I want to partition by three columns in my query :

  1. user id
  2. cancelation month year.
  3. retention month year.

I used row number and partition by as follows

row_number() over (partition by user_id ,cast ( date_format(cancelation_date,'yyyyMM') as integer),cast ( date_format(retention_date,'yyyyMM') as integer) order by cast ( date_format(cancelation_date,'yyyyMM') as integer) asc, cast ( date_format(retention_date,'yyyyMM') as integer)   asc) as row_count

example of the output I got :

| user_id |cancelation_date |cancelation_month_year|retention_date|retention_month_year|row_count|
| -------- | -------------- |----------------------|--------------|--------------------|---------|
| 566      |      28-5-2020 |  202005              | 20-7-2020    | 202007             |1        |
| 566      |     28-5-2020  |  202005              | 30-7-2-2020  | 202007             |2        |

example of the output I want to get:

user_id cancelation_date cancelation_month_year retention_date retention_month_year row_count
566 28-5-2020 202005 20-7-2020 202007 1
566 28-5-2020 202005 30-7-2-2020 202007 1

note that user may have more than cancelation months, for example f he has canceled in August , I want row count =2 for all dates in August and so on.

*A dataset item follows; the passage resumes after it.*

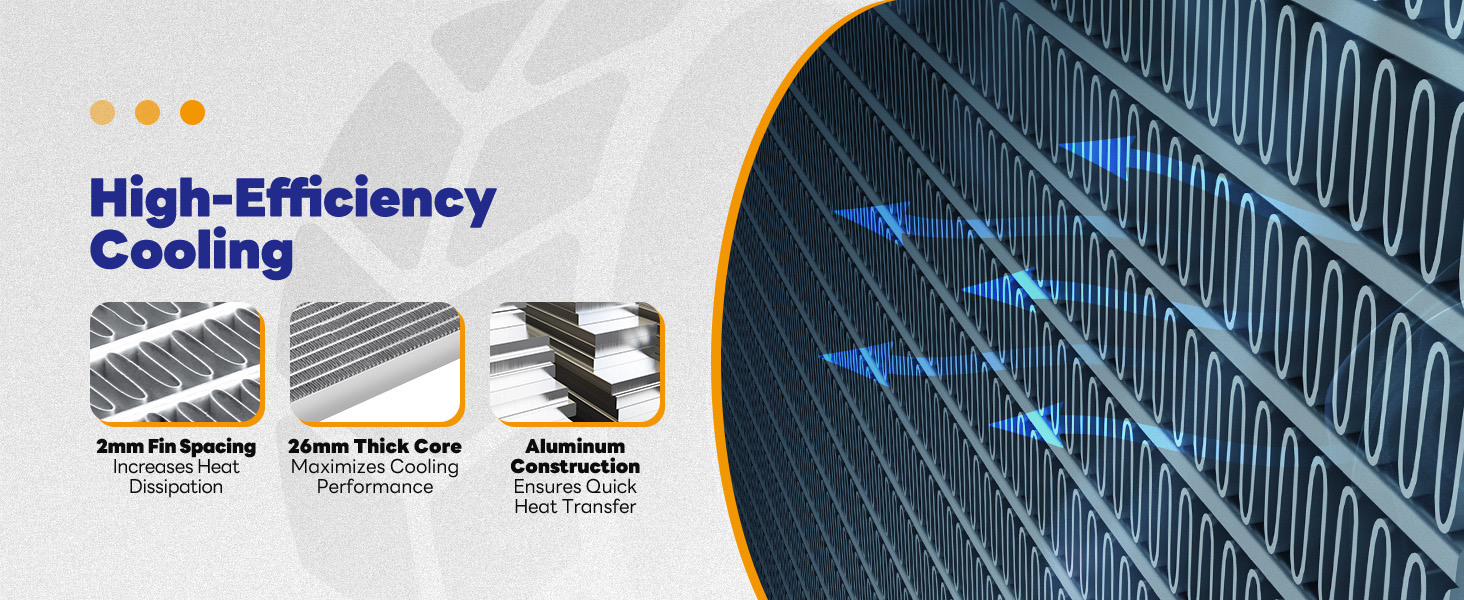 تبريد ألومنيوم عالي الكفاءة: مصنوع من الألومنيوم عالي الكثافة ومبرد زيت مدمج، يوفر هذا المبرد تبديدًا فعالاً للحرارة، ويحسن أداء تبريد المحرك، ويطيل عمر المحرك الخاص بك في ظل الاستخدام الكثيف.

it's not obvious why partition by is partitioning by retention date instead of partitioning by retention month year.

layal
  • 27
  • 6
  • I get the impression `row_number` is not what you want, rather you are interested in [`dense_rank`](https://spark.apache.org/docs/latest/api/python/reference/api/pyspark.sql.functions.dense_rank.html?highlight=dense_rank), wherein you would get your expected output. – Nithish Nov 10 '21 at 10:52
  • that's right . dense_rank worked for me – layal Nov 10 '21 at 11:25
  • 1
    When you have a moment, if snithish answer worked for you, I'm sure they'd appreciate you marking it as correct. – Matt Andruff Nov 10 '21 at 16:40

1 Answers1

0

I get the impression that row_number is not what you want, rather you are interested in dense_rank, wherein you would get your expected output.

Nithish
  • 3,062
  • 2
  • 8
  • 16